Top Pandas Functions Helpful for Every Data Scientist

In our data-focused world, analyzing data is key to unlocking its full potential and making informed decisions. For Organizations, this analysis provides a competitive edge and allows for personalized approaches.

This article will delve into pandas, a powerful Python library crucial for data analysis. We’ll cover its most important functions, making it accessible even to beginners.

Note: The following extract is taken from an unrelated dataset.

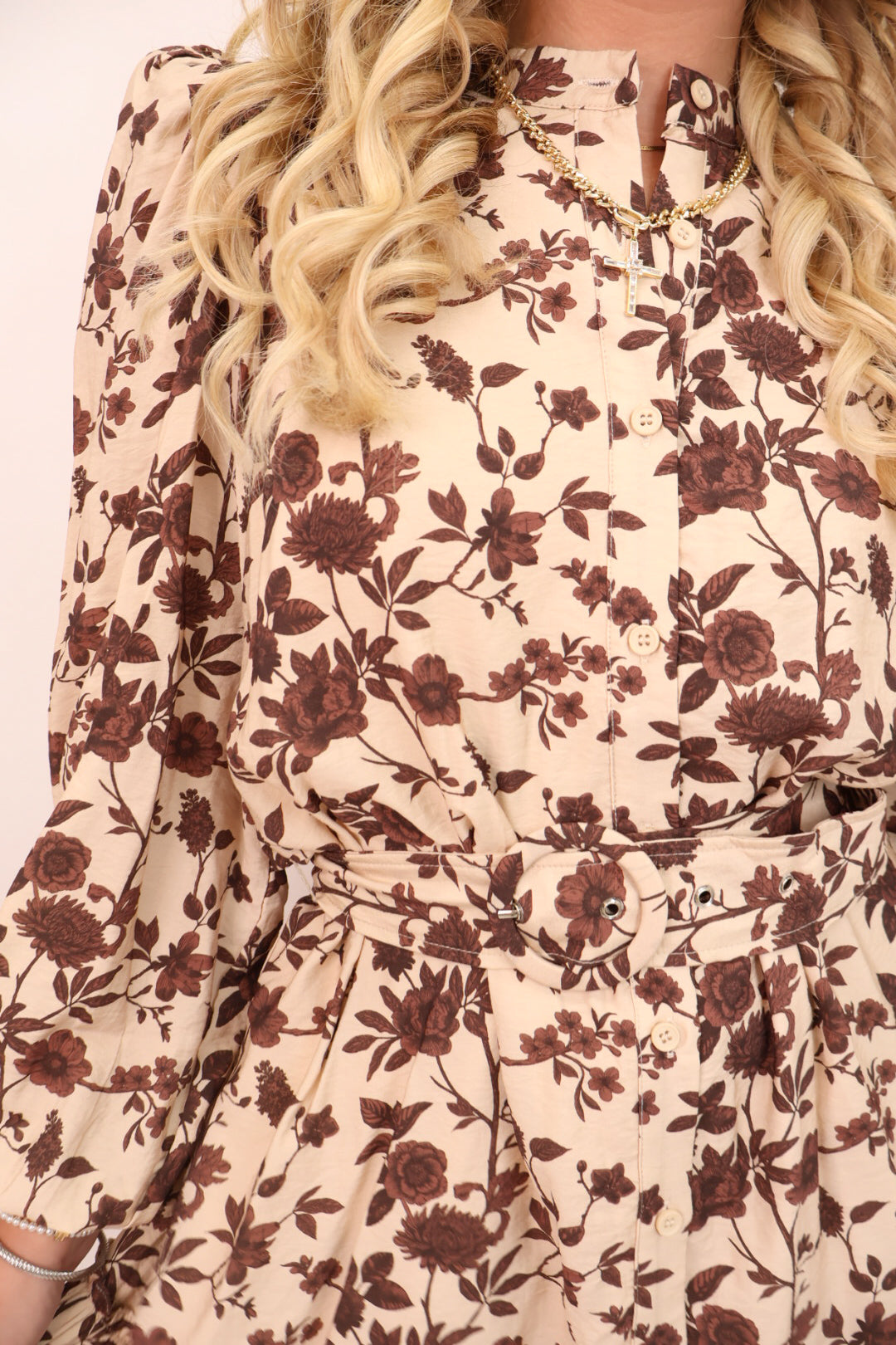 Cream & Brown Floral Belted Dress

If you don’t have Python installed, you can installed it or you can also use Google Colaboratory for this tutorial.

Data Viewing

df.head():

If you have a large data set and want to view only first few rows then yu can use the below python code for that with the pandas function df.head() to read to data from a csv file

import pandas as pd
df = pd.read_csv("customers-100.csv", encoding="Latin-1")  # Load the data

df.head()  # Show first five rows
print(df.head())

Output:

If you want youu can download the csv file which i have used form here

df.tail(): It displays the last five rows of the sample data

import pandas as pd
df = pd.read_csv("customers-100.csv", encoding="Latin-1")  # Load the data

df.tail()  # Show last five rows
print(df.tail())
#this is the code which will help you to get last 5 rows of a data set 
#let me show you the original sheet first from were we are extracting last 5 rows
#the original csv file name is 
#saw the original csv file now lets run this code

df.sample(n):

It displays the random n number of rows in the sample data
For example let us take n value as df.sample(6)

import pandas as pd
df = pd.read_csv("customers-100.csv", encoding="Latin-1")  # Load the data

df.sample(6)  # Shows random rows
print(df.sample(6))

df.shape: It displays the sample data’s rows and columns (dimensions).

2. Statistics

This section contains the functions that help you perform statistics like average, min/max, and quartiles on your data.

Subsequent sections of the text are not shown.